The doctor, his voice thankfully dispassionate, told Suga that Saki had been arrested for assault, that Suga's esophagus had nearly collapsed, and that they were going to keep him overnight for observation. He also had three broken bones in his hand.

Suga nearly asked about any injuries Saki had suffered, only to realize that he genuinely no longer cared.

The next day, Suga was released under his own care with a prescription for painkillers that he flushed down the toilet. He regretted that later when his hand throbbed in its cast and kept him awake for most of the night.

He didn't go to his classes the next day. Or the day after that. Suga was just so very tired.

After three weeks of truancy, he received a phone call he did not answer, a voice mail he didn't bother checking, and a letter he didn't even remove from the post box, informing him of an appointment with the dean of students that he never attended. Suga supposed his expulsion letter was in the stack of mail he never read sitting in front of his door.

The only person who saw him during those three weeks was the delivery boy from a nearby restaurant. And then the delivery boy didn't come anymore because Suga's credit card was declined. Suga didn't bother to pay that, either.

Soon after that, the landlord informed Suga that his rent was past due, which Suga baldly told the man he could not pay. Three large, burly men arrived the next day and monitored Suga as he packed up his belongings and vacated.
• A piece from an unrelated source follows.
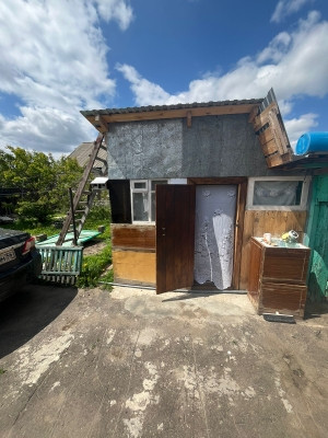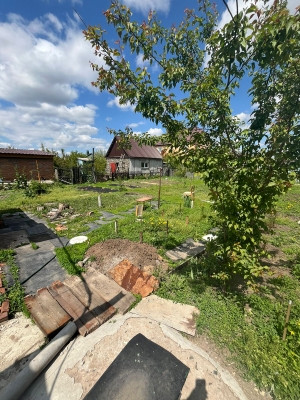 На участке : сарай, гараж небольшой,огород с саженцами.
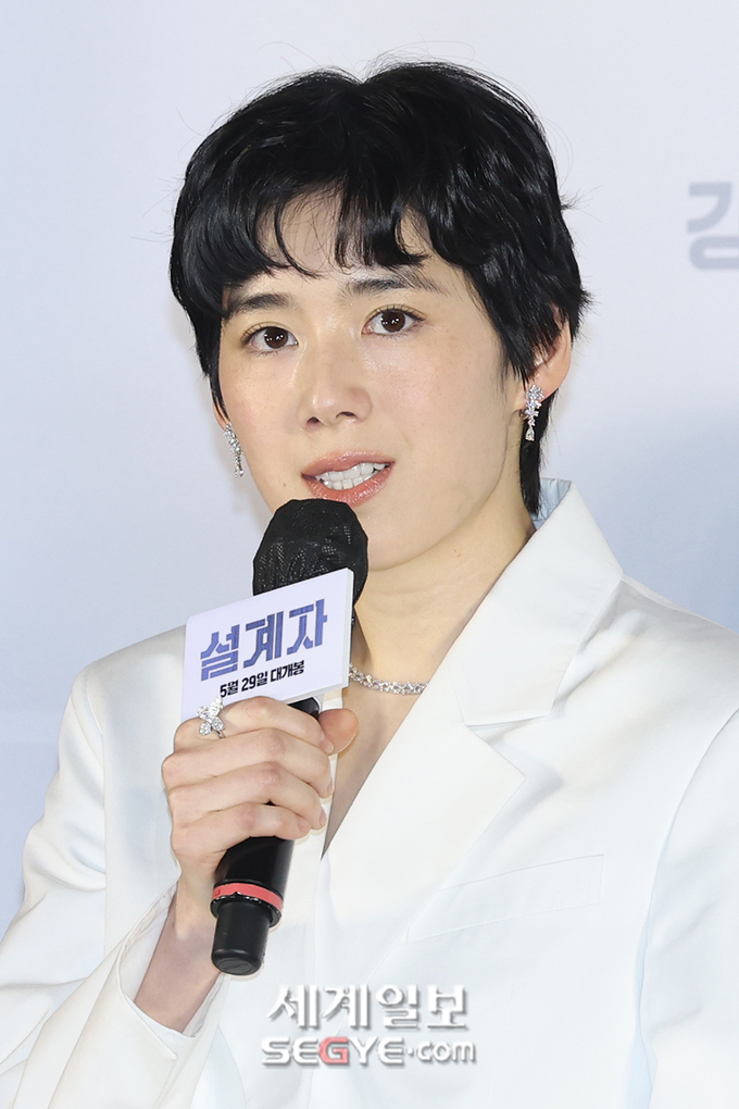 배우 정은채가 29일 오전 서울 용산 CGV에서 열린 영화 ’설계자’의 제작보고회에 참석해 인사말을 하고 있다.

A girl from his physiology class, Harada Mari, took pity on Suga as he gawked at his luggage on the sidewalk. She invited him to stay with her during the summer holidays, as her family was wealthy and spending a month in Hawaii. At this, Suga felt a twinge of sympathy for Harada-san before realizing that he was far more pathetic than she could ever be.

He had not so much as looked at his phone, let alone charged it, since the incident with Saki, which had been over a month before. It wasn't until his second night at Harada-san's house that he checked the barrage of messages he had waiting. There were a few from Saki, calling Suga filthy names and threatening to kill him if he testified at a criminal proceeding that had no doubt already passed.

Suga guffawed at this as he skimmed the rest of the messages. There were a few benign ones from Daichi, wondering when Suga was going to get back so he could ante up. Something caught in his throat that had nothing to do with his already-healed neck.

He scrolled his contacts and almost-called his parents to tell them what happened. When he rehearsed how he would tell him he let himself be beaten and bruised so handily, Suga merely opened the window and threw his phone into the yard, hoping the gardener would run over it with the mower.

The next day, Suga took a much-needed shower and began looking for a job.